▸ Problem details: Output the whole listing exactly, except for the pictures in it.

START Collected material

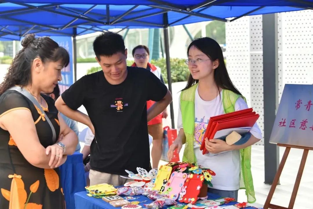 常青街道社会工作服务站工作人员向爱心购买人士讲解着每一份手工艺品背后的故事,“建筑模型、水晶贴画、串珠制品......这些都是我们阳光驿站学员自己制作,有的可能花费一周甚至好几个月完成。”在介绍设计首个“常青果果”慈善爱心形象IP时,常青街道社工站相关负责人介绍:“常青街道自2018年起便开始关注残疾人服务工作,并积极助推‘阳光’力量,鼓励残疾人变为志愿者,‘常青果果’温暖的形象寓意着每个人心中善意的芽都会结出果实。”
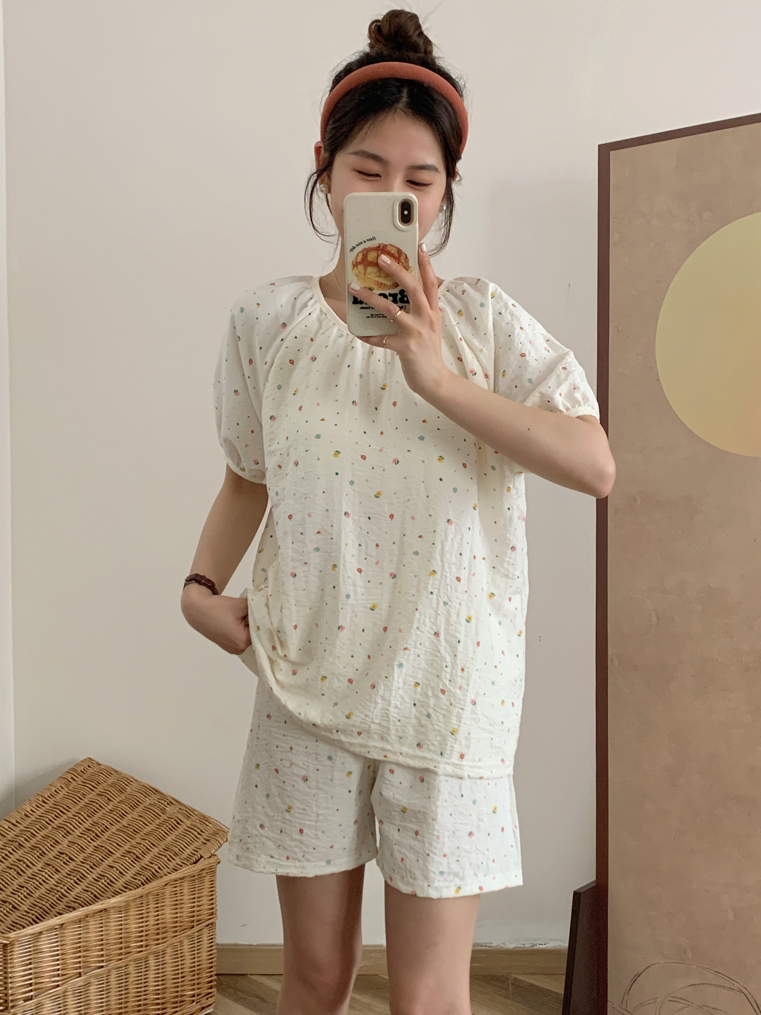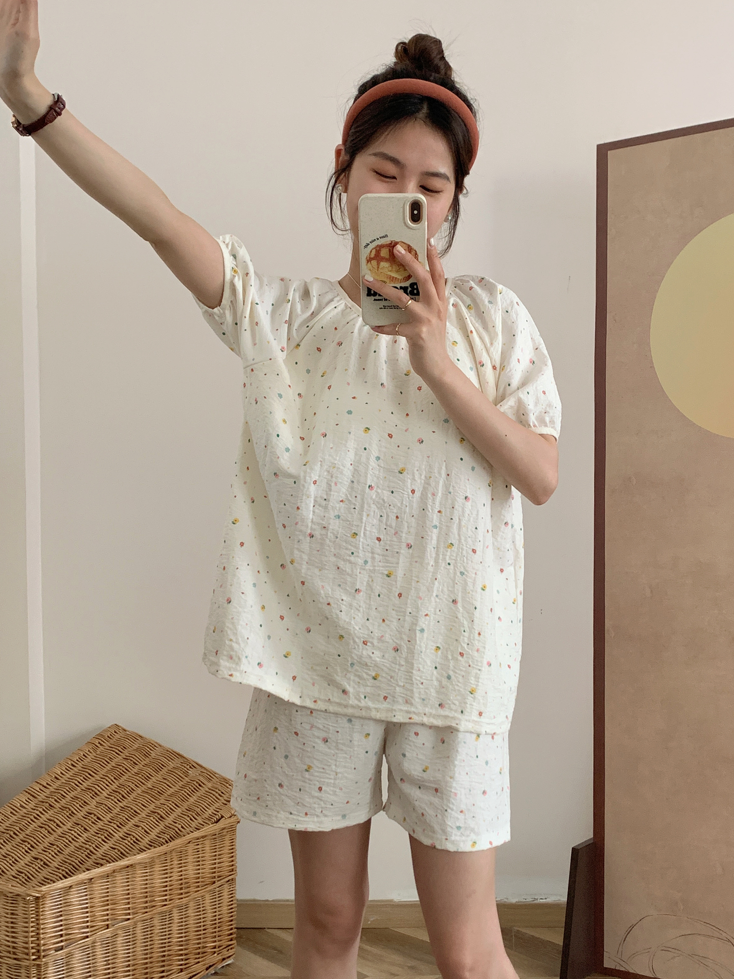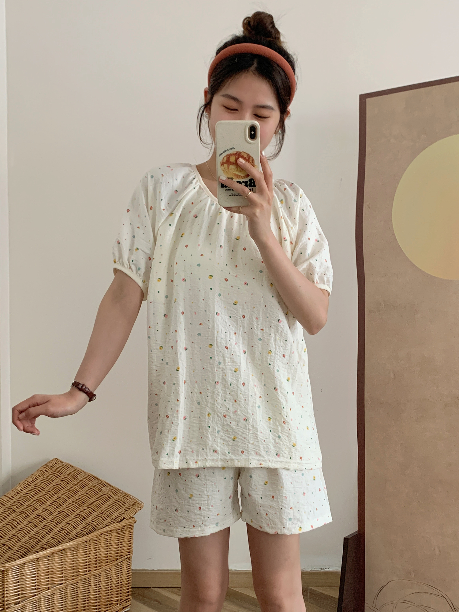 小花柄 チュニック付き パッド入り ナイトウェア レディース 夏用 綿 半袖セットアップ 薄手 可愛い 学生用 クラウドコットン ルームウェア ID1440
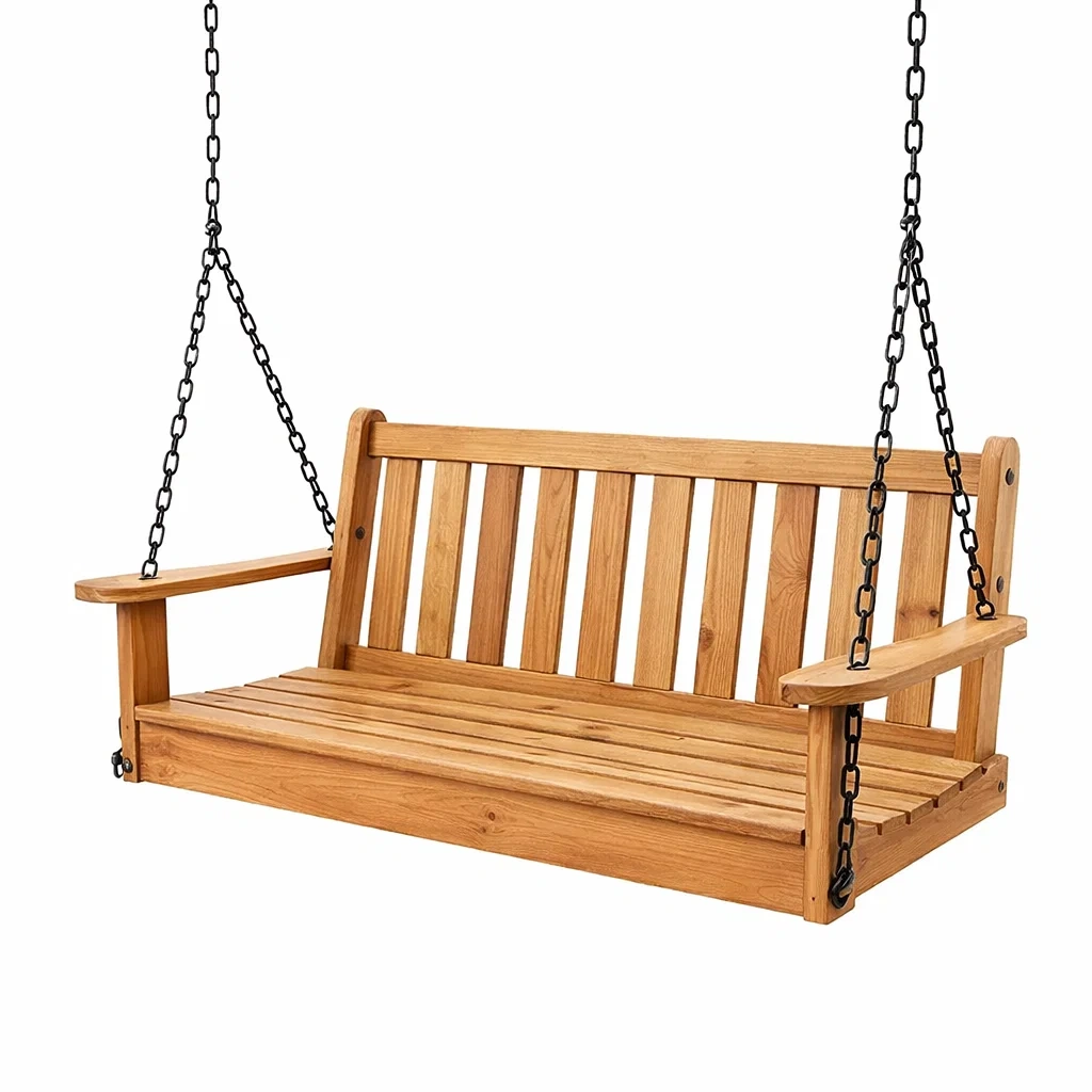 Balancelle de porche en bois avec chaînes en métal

END Collected material

▸ Solution for this exercise:
 常青街道社会工作服务站工作人员向爱心购买人士讲解着每一份手工艺品背后的故事,“建筑模型、水晶贴画、串珠制品......这些都是我们阳光驿站学员自己制作,有的可能花费一周甚至好几个月完成。”在介绍设计首个“常青果果”慈善爱心形象IP时,常青街道社工站相关负责人介绍:“常青街道自2018年起便开始关注残疾人服务工作,并积极助推‘阳光’力量,鼓励残疾人变为志愿者,‘常青果果’温暖的形象寓意着每个人心中善意的芽都会结出果实。”
 小花柄 チュニック付き パッド入り ナイトウェア レディース 夏用 綿 半袖セットアップ 薄手 可愛い 学生用 クラウドコットン ルームウェア ID1440
 Balancelle de porche en bois avec chaînes en métal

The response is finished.